High-performance synchronous reluctance motors by local manipulation of the magnetic properties of electrical steel laminations during the laser cutting process

通过在激光切割过程中局部控制电工钢叠片的磁性来实现高性能同步磁阻电机

• 批准号: 245194688
• 负责人: Professor Dr.-Ing. Eckhard Beyer
• 金额: --
• 依托单位: Professur für Elektrische Maschinen und Antriebe
• 依托单位国家: 德国
• 项目类别: Research Grants
• 财政年份: 2013
• 资助国家: 德国
• 起止时间: 2012-12-31 至 2016-12-31
• 项目状态: 已结题
• 来源: https://gepris.dfg.de/gepris/projekt/245194688?language=en
• 关键词: performance; synchronous; reluctance; motors; local

The synchronous reluctance machine is considered as a viable alternative to typically used permanent magnet synchronous machines and induction machines. Especially the tremendous rising of rare-earth magnet prices (e.g. NdFeB) and the resulting higher costs of PM-machines led to an increased interest in this magnet-free and therefore cost-efficient motor type. However, a broader application of synchronous reluctance motors is currently still prevented by the comparatively low power factors and power densities.
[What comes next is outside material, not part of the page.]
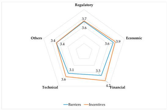 In accordance with Section 2.1, technical is the smallest barrier from the perspective of interviews and the remaining barrier typologies are at the same level. Some considerations regarding the priority of economic and financial issues, as mentioned in Section 2.1, can be deduced from the average values. Finally, by comparing incentives and barriers it can be expected that the higher the difference between a barrier and its corresponding incentive, the more urgent the need to develop corresponding strategies. This confirms that financial, economic, and technical factors still need to be addressed.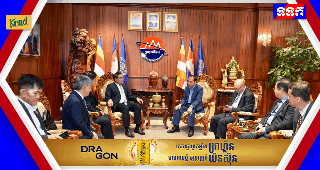 ( ភ្នំេពេញ )៖ ឯកឧត្តម នេត្រ ភក្ត្រា រដ្ឋមន្ត្រីក្រសួងព័ត៌មាន នៅព្រឹកថ្ងៃទី១១ ខែវិច្ឆិកា ឆ្នាំ២០២៥ នាទីស្តីការក្រសួង បានទទួលពិភាក្សាការងារជាមួយ ឯកឧត្តម គីម វីរៈ អគ្គលេខាធិការ គណៈកម្មាធិការជាតិគ្រប់គ្រងគ្រោះមហន្តរាយ ដើម្បីពង្រឹងកិច្ចសហការក្នុងការពង្រីកការផ្សព្វផ្សាយព័ត៌មានស្តីពីកិច្ចការត្រៀមបង្ការ និងឆ្លើយតបគ្រោះមហន្តរាយ បានកាន់តែទូលំទូលាយដល់ប្រជាពលរដ្ឋ ដែលជាការងារសំខាន់ក្នុងការកាត់បន្ថយហានិភ័យគ្រោះមហន្តរាយ និងការគ្រប់គ្រងគ្រោះអាសន្ន ។

The highly limited saliency ratio (or synchronous inductance ratio) between the d-axis and q-axis flux can be considered as the main reason. Theoretical analyses have shown that higher saliency ratios can be achieved by reducing the width of the leakage flux guiding steel bridges. However, that leads to a decreased mechanical stability of the rotor. The planned project analyses this problem in detail and aims for a significant higher saliency ratio by local manipulation of the electrical steel lamination properties during the laser cutting process. Contouring the sheet metal by laser cutting is characterized by a high number of degrees of freedom (cutting parameter set) compared to mechanical cutting processes (e.g. punching). This opens up the opportunity for an optimal local setting of magnetic characteristics dependent on the area of the electric machine. Furthermore, using the laser allows the manufacturing of highly filigree structures that cannot be achieved with mechanical methods. The project deals with detailed analysis of the potentials by using the laser for the cutting process of the electrical steel laminations for application in synchronous reluctance motors. The resulting impact on the operational behaviour of the machine is studied in theory and experiment. The analyses can be transferred to other motor types (e.g. PM-motor) as well, even though a lower influence on the machine behaviour is expected.The main objective of the project is a considerable increase of the saliency ratio (+ 25 %) in comparison to current synchronous reluctance motors without decreasing the mechanical stability of the rotor. This leads directly to higher power densities and power factors and therefore higher efficiencies as well. An important contribution to a more widely application of synchronous reluctance machines is expected.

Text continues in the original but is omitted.